Catadores de tralhas e sonhos
Milton Hatoum
O Estado de São Paulo
27 Março 2015
São centenas, talvez milhares os
catadores de papel nessa megalópole. Puxam ou empurram carroças e catam objetos
no lixo ou nas calçadas. É um museu de tralhas variadas: restos de materiais
para construção, papel, caixas de papelão, embalagens de inúmeros produtos, e
até mesmo objetos decorativos, alguns belos e antigos, desprezados por algum
herdeiro.
Há carroças exóticas, pintadas com
desenhos de figuras pop, seres mitológicos, nuvens, pássaros e vampiros. Em
Santana, vi uma carroça que lembrava um jinriquixá, só que maior do que o
veículo asiático.
Era puxada por um velho e transportava
uma avó e seu netinho, sentados em pilhas de papel. Perguntei ao carroceiro
quanto ele cobrava pelo transporte de passageiros.
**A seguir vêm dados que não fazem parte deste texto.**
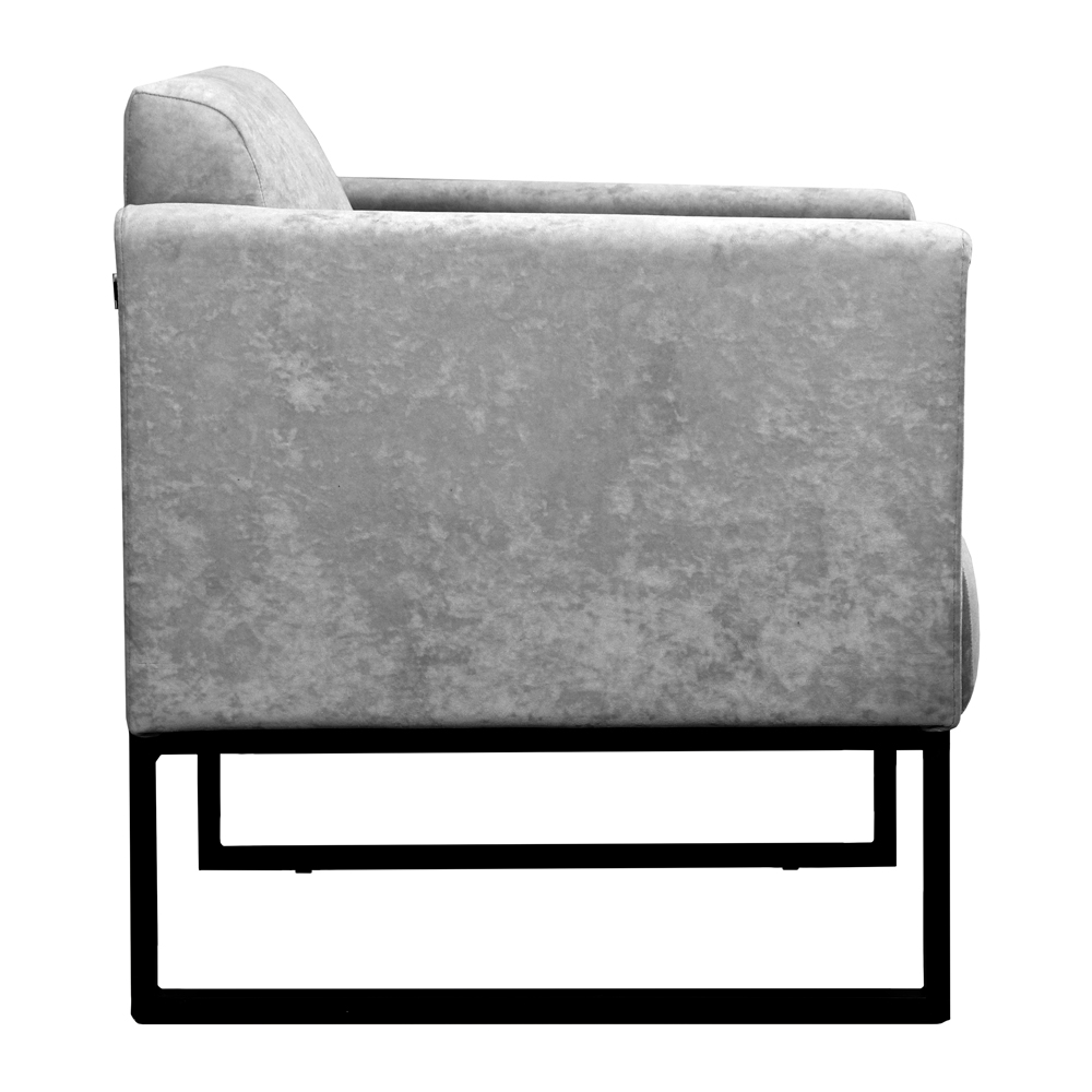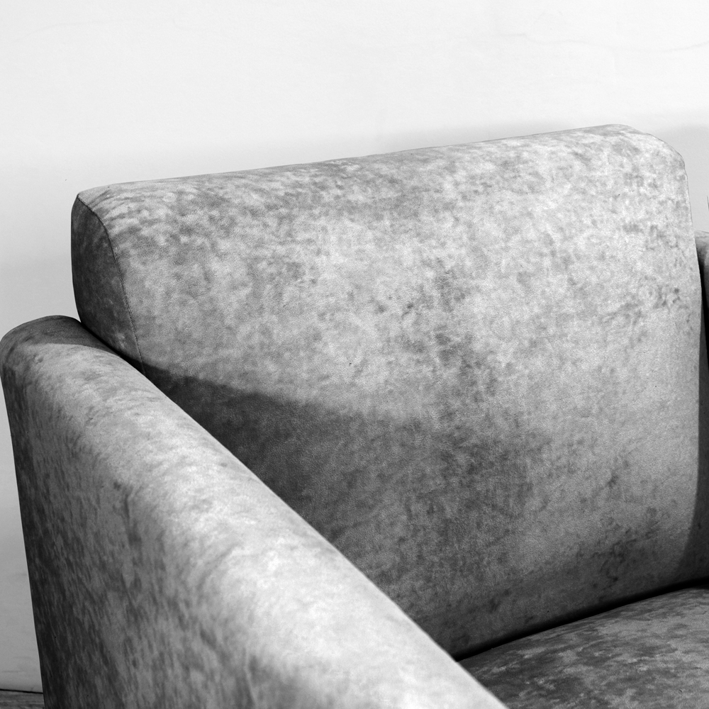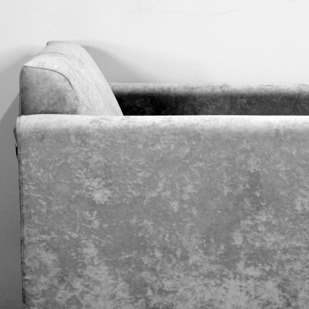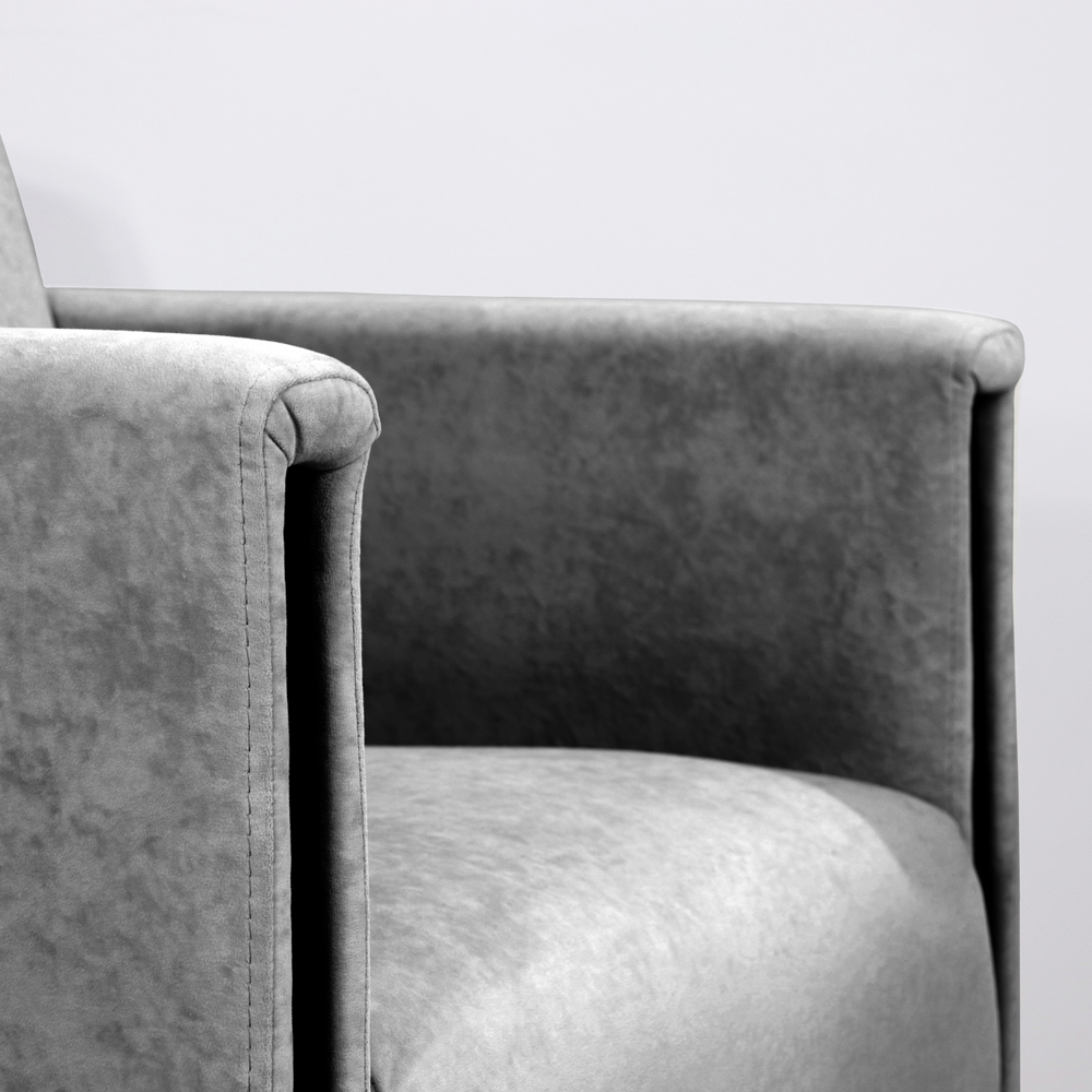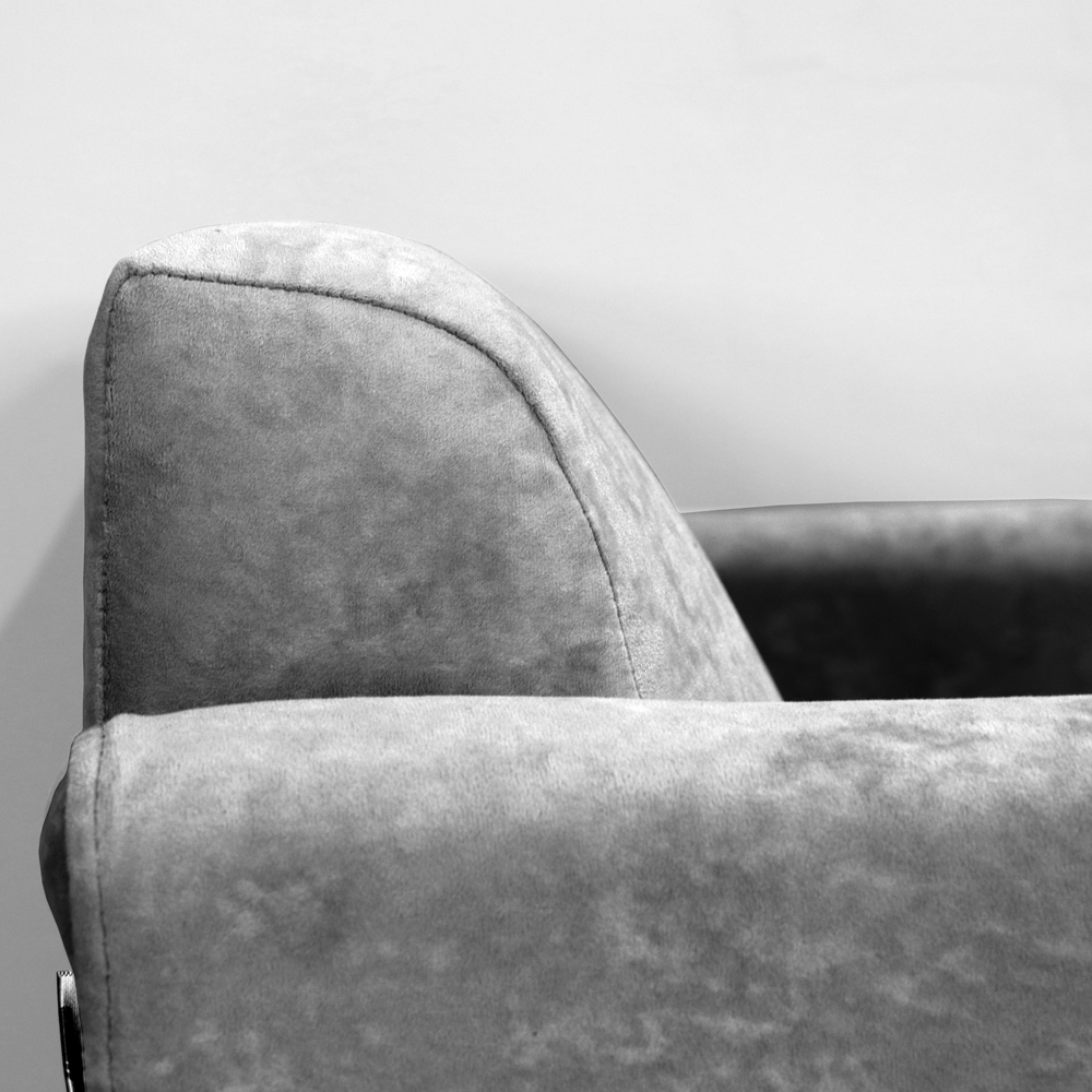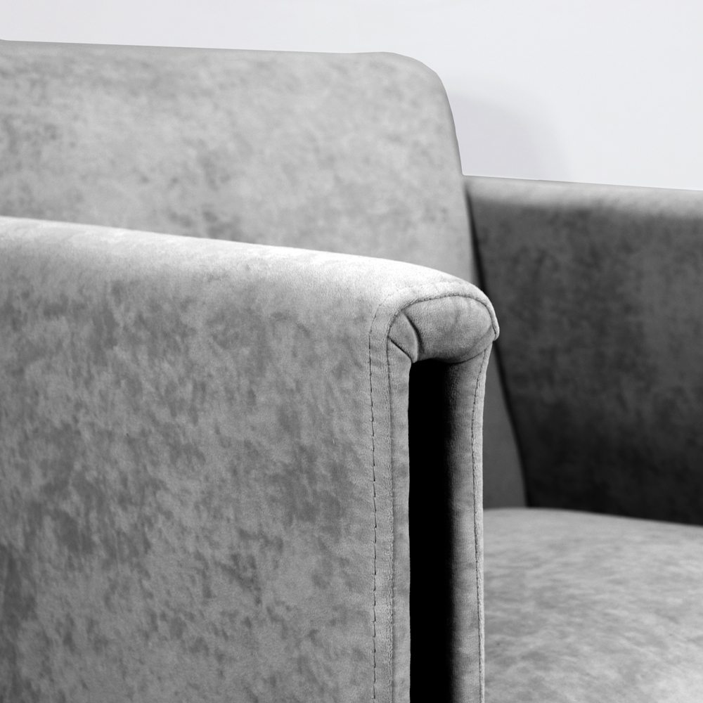 Обивка выполнена из ткани велюр Рене — бархатистой, мягкой на ощупь, с деликатной фактурной поверхностью. Оттенок Рене 22 — это светло-серый тон с легким мраморным эффектом, который придаёт мебели глубину и выразительность, оставаясь при этом универсальным. Такой цвет легко сочетается как с тёплой, так и с холодной палитрой интерьера, прекрасно вписываясь в современные, скандинавские, минималистичные и даже классические пространства.
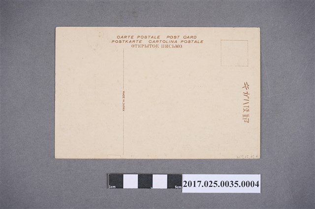本文物為大正時期「新竹風景」黑白明信片套組之一,墨色印刷。底下印有新竹市場及(臺灣新竹 犬塚商店發行)等字樣。新竹市場分為中央、東門、南門、西門、北門市場。
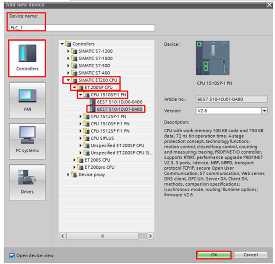 The Add new device window will open. Select Controllers and then select the controller you are using. In this tutorial, the ET200 SP 1510SP-1 PN CPU is being used, so follow the path: SIMATIC ET200 CPU -> ET 200SP CPU -> CPU 1510SP-1 PN, select 6ES7 510-1DJ01-0AB0, give a name to the device in the Device name field and click OK.
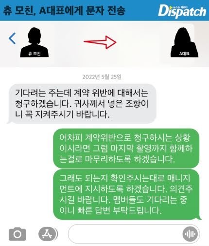تطلب والدة تشو من الرئيس التنفيذي A دفع 50.0 مليون وون كوري (حوالي 38200 دولار أمريكي) لانتهاك العقد . ماذا حدث؟ لقد ألمحت إلى أن “25 مايو بالفعل”. تدعي أن التأخير في تصوير الفيديو الموسيقي سبب لانتهاك العقد.
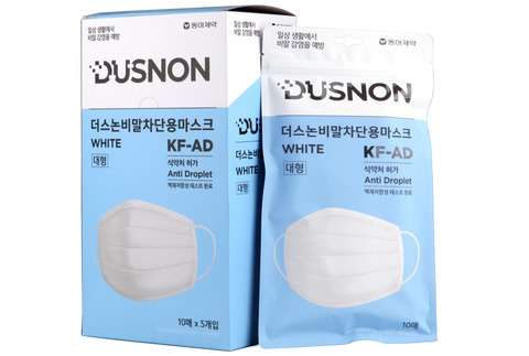 더스논비말차단용 마스크 KF-AD는 식품의약품안전처로부터 미세 물방울 차단을 의미하는 KF-AD 등급의 품목허가를 받은 의약외품으로 국내에서 제조·생산되고 있다. 비말, 미세먼지 등으로부터 호흡기 보호에 도움을 주는 3중 구조의 MB 필터를 적용했다. 액체 저항성, 유해물질 불검출 시험 등 비말차단 마스크 시험 기준도 통과했다.
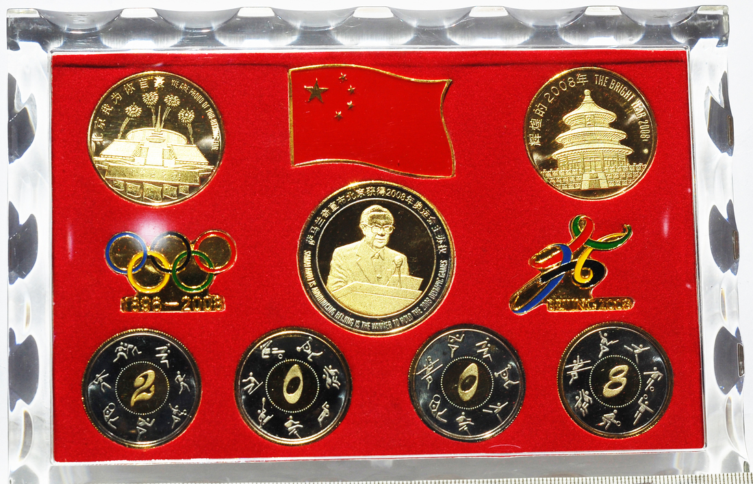 China, set of bimetallic medals to commemorate the Beijing Olympics, 2008, 7 coins, various sporting scenes,
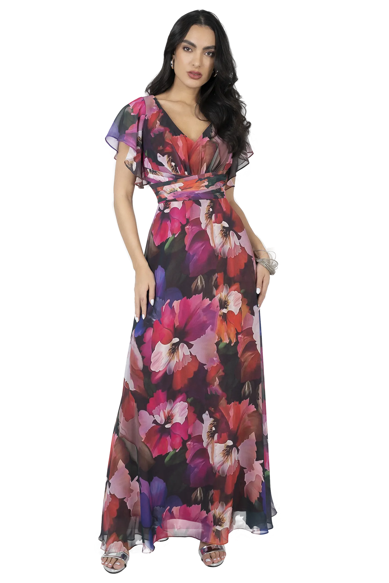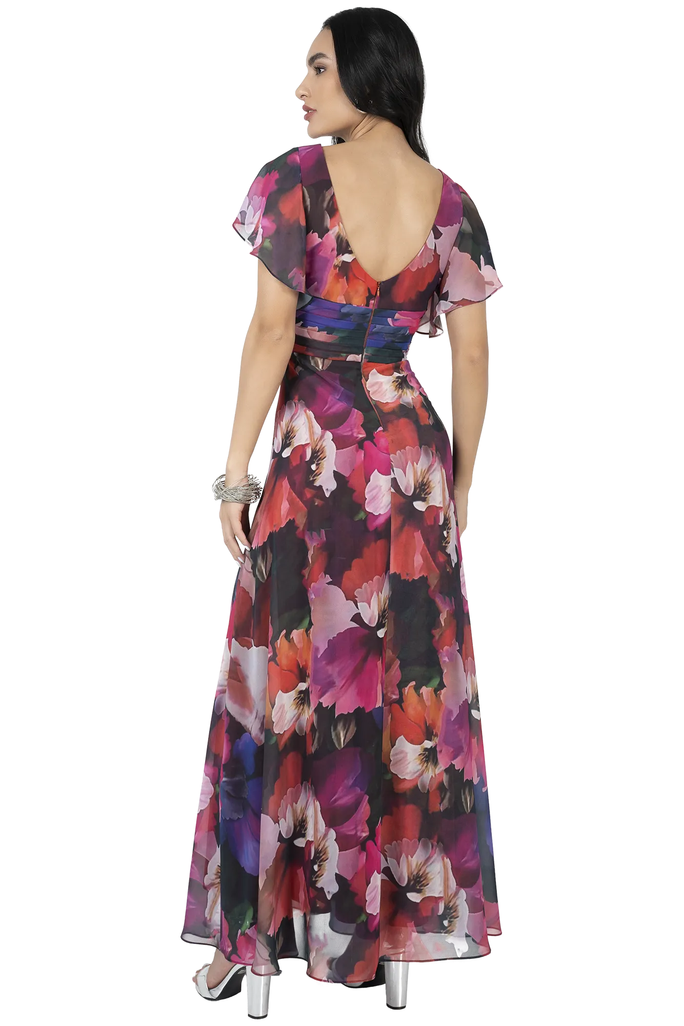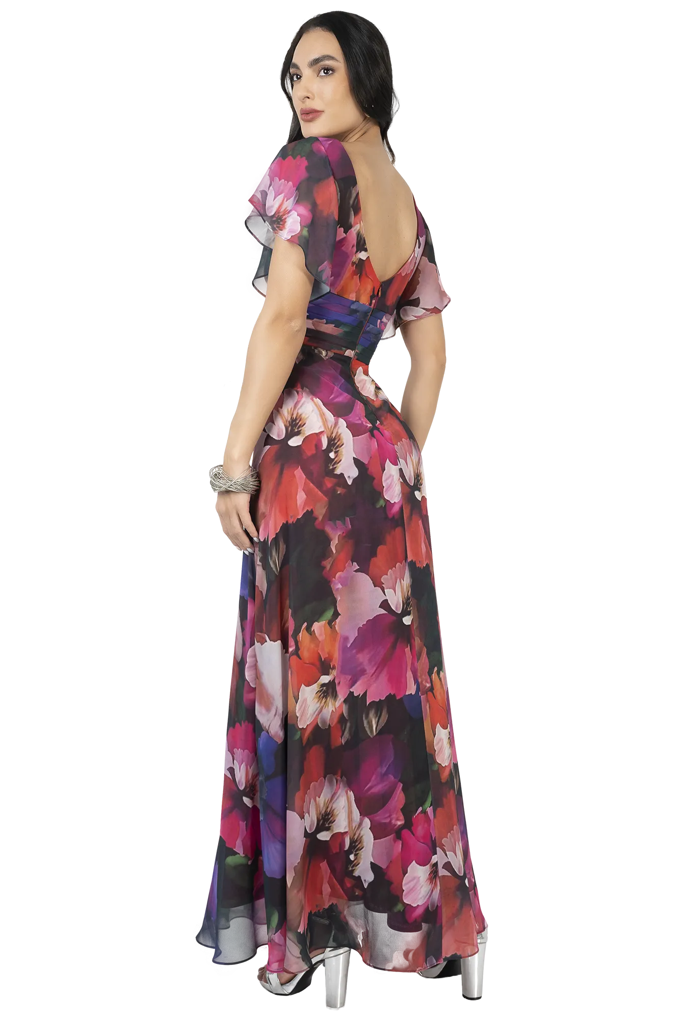 Vestido largo escote “V” con pliegue al centro fajilla con tablitas, falda circular espalda en “V” manga estilo campana
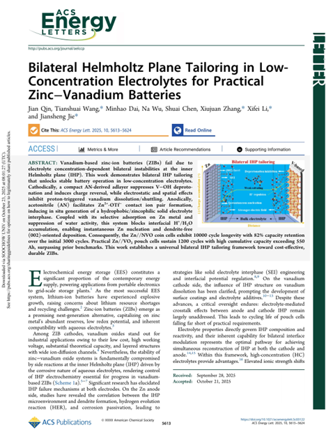 近日,我校材料科学与工程学院高性能电池材料团队李喜飞教授、秦戬副教授等在能源材料领域顶级期刊《ACS Energy Letters》(SCI,影响因子为18.2)上发表重要研究成果,论文题为:“Bilateral Helmholtz Plane Tailoring in Low-Concentration Electrolytes for Practical Zinc–Vanadium Batteries”(面向实用化锌钒电池的低浓度电解质双边亥姆霍兹面调控策略)。该成果由西安理工大学联合苏州大学、西北工业大学合作完成,西安理工大学为第一作者单位,材料科学与工程学院秦戬副教授为论文第一作者。
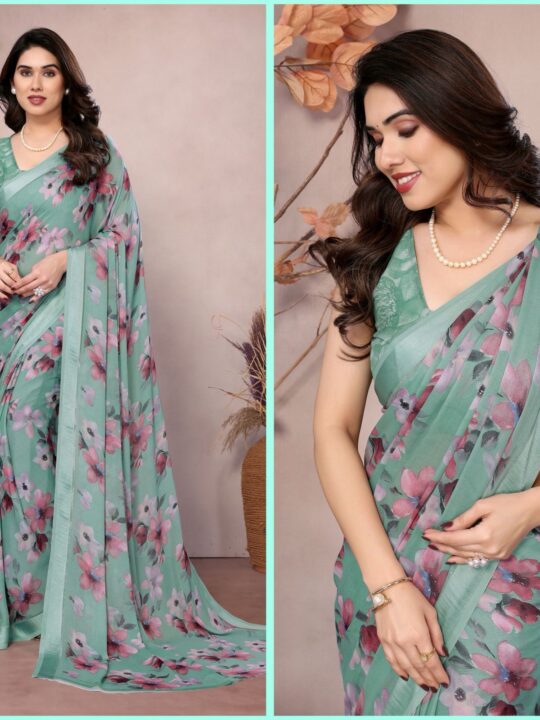 Make a graceful statement with this Bright Moss Satin Printed Saree from Pramukhmart. Its smooth satin texture and elegant print give it a chic yet timeless appeal. Designed for women of all ages, it’s perfect for daily wear or festive occasions.

"Depende... Pra perto daqui, cinco
reais. Pra fora do bairro, cobro 15 ou 12, depende do passageiro e do dia. Não
gasto gasolina, nem nada, é só força mesmo, amigo."
E haja força, leitor. Mas esse meio de
transporte é raro na metrópole. Quase todas as carroças só carregam
quinquilharias, uma e outra exibem aforismos, poemas, ditados. Vi carroças
líricas, políticas, filosóficas, cômicas, moralistas, anarquistas. Numa delas
se lia: "A verdade é uma desordem... Alguém tem dúvida?".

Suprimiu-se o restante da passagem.